- Папа! Что случилось? Что тебе сказал врач?
Отец молчит. Я знаю его слишком хорошо. Если ему нечего мне сказать, значит все очень плохо.
- Я сам себя сдал, верно, детка? – он пытается шутить.
- Папа… - по щекам катятся соленые слезы.
- Детка, Машунь, не плачь. Все не так плохо, - его хриплый слабый голос едва слышен в трубке. – Врач сказал, что для операции осталось очень мало времени.
- Сколько? – сердце сжимается в груди.
- Месяц – два. Три - это самое большее. Опухоль растет в просвет бронхов. Когда она начнет расти внутрь или наружу, черт поймет этих врачей, кх-кх, - кашель вновь прерывает его. - Тогда станет поздно.
- Держись, папа. Я найду деньги. Все будет хорошо, - говорю с уверенностью. И понимаю, что я в лепешку разобьюсь, но достану эти деньги.
- Не надо, - слабо возражает он. – Возвращайся домой. Я просто хочу побыть с тобой до… до конца, - он выдыхает последнее слово и замирает.
А я молчу, не в силах ответить, спазм сжимает гортань. А слезы нескончаемым потоком бегут по щекам.
- Я не отпущу тебя… - шепчу в ответ.
- Андрей Игоревич, вам давно пора спать! – гремит мне в ухо из телефона. – Быстро заканчивайте разговоры и в кровать.
- Прощай, Машуль. Доброй ночи, - проговаривает он скороговоркой и отключается.
- Пока, папуль… - шепчу в пустоту.
Очень осторожно откладываю телефон в сторону. И смотрю вперед, не видя ничего перед собой.

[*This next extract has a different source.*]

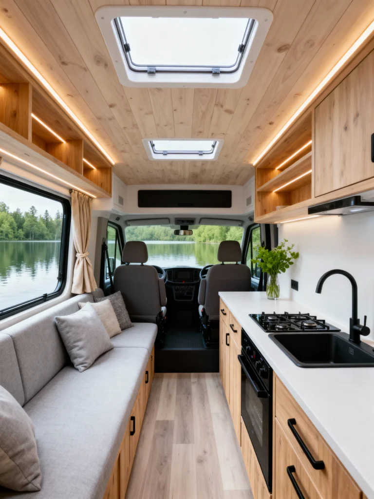 This is a fantastic example of a functional and beautiful layout in a standard van. The long sofa on one side is perfect for lounging and entertaining, and it likely converts into a bed. The kitchen area on the opposite side is well-equipped with a stovetop and oven, making it great for actual cooking. I adore the open shelving with the strip lighting—it’s a genius way to display a few items and keep the space from feeling too closed in. The two roof vents will keep the air fresh, and look at that view out the back!

Месяц-два, месяц-два. И все!
Где мне достать такие огромные деньги за два месяца?
Может, банк ограбить?
Или обнести дом одного миллионера?
Мозг пытается шутить. Но я лишь грустно улыбаюсь в ответ.
Весь аванс я отложила на курс химиотерапии. Вот только это капля в море.
Папе нужны очень дорогие лекарства. Одна ампула почти десять тысяч рублей. На курс четырнадцать ампул.
Где мне взять такие деньги, я не представляю.
На ватных ногах добредаю до ванной и встаю под упругие струи горячей воды.
Сейчас мне нужны силы, чтобы обдумать все, что навалилось на меня.
Впитав в себя всю энергию падающей воды, я, наконец, выскальзываю из душевой и в одном полотенце выхожу в спальню.
- Я уже думала, ты там утонула, - на моей кровати устроилась Милана.
- Что тебе надо?
- Как грубо, - она морщится, но не уходит. – У Андрея все не очень хорошо…
Она лениво перебирает ухоженными пальчиками свои длинные волосы. А его острый словно кинжал взгляд вонзается в меня.
По моему лицу проходится судорога.
- Откуда ты…
- Неважно, - она резко обрывает меня. – Важно то, что у тебя просто-напросто нет таких денег.
Судорожно сжимаю мокрое полотенце на груди.
- Даже если ты продашь вашу холупу на окраине, тебе не хватит даже на наркоз, - она улыбается одними уголками.
- Убирайся, - шепотом отвечаю ей.
- Мария, - она повышает голос, а ее глаза темнеют. – Я бы на твоем месте так со мной не разговаривала.
- Зачем ты пришла? Издеваться надо мной?
- Нет, дорогая, - ее ярко-алые губы расползаются в самодовольной улыбке. – Я пришла предложить тебе выход.
Выход?
Сердце замирает в груди. Робкая надежда поднимает голову.
Она даст денег! Она все-таки даст нам денег.
Я уже собираюсь броситься ей на шею и расцеловать! Я готова простить ей все, ее характер, ее уход, ее…
- Ты должна стать любовницей Марата Азатовича.
Ее слова оглушают меня. Сердце болезненно сжимается. Следом меня начинает подтрясывать.
Делаю шаг назад и прижимаюсь к дверному косяку.
- Что? – беззвучно шепчу я.
Я смотрю расширенными от ужаса глазами на эту женщину.
Она все так же сидит на моей кровати и с интересом разглядывает свой маникюр.
- Чего-то подобного я от тебя и ждала, - говорит она скучающим тоном.
- Что?
- Маша, не будь дурой! – резко бросает она.